Getting Started with the Spark Connector

On this page

Prerequisites

Getting Started
Tutorials

Prerequisites

Basic working knowledge of MongoDB and Apache Spark. Refer to the MongoDB documentation, Spark documentation, and this MongoDB white paper for more details.
MongoDB version 4.0 or later
Spark version 3.1 through 3.2.4
Java 8 or later

Getting Started

Important

In version 10.0.0 and later of the Connector, use the format mongodb to read from and write to MongoDB:

df = spark.read.format("mongodb").load()

Dependency Management

Provide the Spark Core, Spark SQL, and MongoDB Spark Connector dependencies to your dependency management tool.

Beginning in version 3.2.0, Apache Spark supports both Scala 2.12 and 2.13. Spark 3.1.3 and previous versions support only Scala 2.12. To provide support for both Scala versions, version 10.2.2 of the Spark Connector produces two artifacts:

org.mongodb.spark:mongo-spark-connector_2.12:10.2.2 is compiled against Scala 2.12, and supports Spark 3.1.x and above.
org.mongodb.spark:mongo-spark-connector_2.13:10.2.2 is compiled against Scala 2.13, and supports Spark 3.2.x and above.

Important

Use the Spark Connector artifact that's compatible with your versions of Scala and Spark.

The following excerpt from a Maven pom.xml file shows how to include dependencies compatible with Scala 2.12:

<dependencies>
  <dependency>
    <groupId>org.mongodb.spark</groupId>
    <artifactId>mongo-spark-connector_2.12</artifactId>
    <version>10.2.2</version>
  </dependency>
  <dependency>
    <groupId>org.apache.spark</groupId>
    <artifactId>spark-core_2.12</artifactId>
    <version>3.3.1</version>
  </dependency>
  <dependency>
    <groupId>org.apache.spark</groupId>
    <artifactId>spark-sql_2.12</artifactId>
    <version>3.3.1</version>
  </dependency>
</dependencies>

Configuration

When specifying the Connector configuration via SparkSession, you must prefix the settings appropriately. For details and other available MongoDB Spark Connector options, see the Configuring Spark guide.

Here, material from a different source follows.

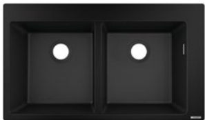
Built-in sink 370 x 370 S510-F770 # 43316, -170, -290, -380

Required accessories: D17-10 # 43928, -000 Manual waste and overflow set D17-11 # 43938, -000 Automatic waste and overflow set
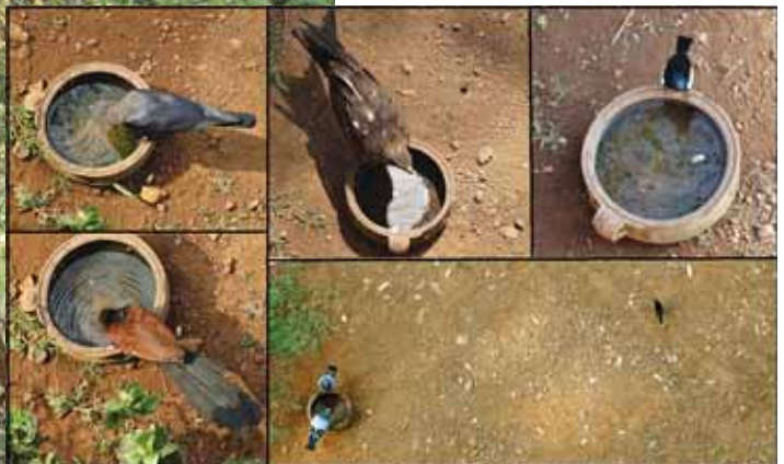
Thirsty birds in summer, Mumbai.

package com.mongodb.spark_examples;
import org.apache.spark.sql.SparkSession;
public final class GettingStarted {
  public static void main(final String[] args) throws InterruptedException {
    /* Create the SparkSession.
     * If config arguments are passed from the command line using --conf,
     * parse args for the values to set.
     */
    SparkSession spark = SparkSession.builder()
      .master("local")
      .appName("MongoSparkConnectorIntro")
      .config("spark.mongodb.read.connection.uri", "mongodb://127.0.0.1/test.myCollection")
      .config("spark.mongodb.write.connection.uri", "mongodb://127.0.0.1/test.myCollection")
      .getOrCreate();
    // Application logic
  }
}

The spark.mongodb.read.connection.uri specifies the MongoDB server address(127.0.0.1), the database to connect (test), and the collection (myCollection) from which to read data, and the read preference.
The spark.mongodb.write.connection.uri specifies the MongoDB server address(127.0.0.1), the database to connect (test), and the collection (myCollection) to which to write data.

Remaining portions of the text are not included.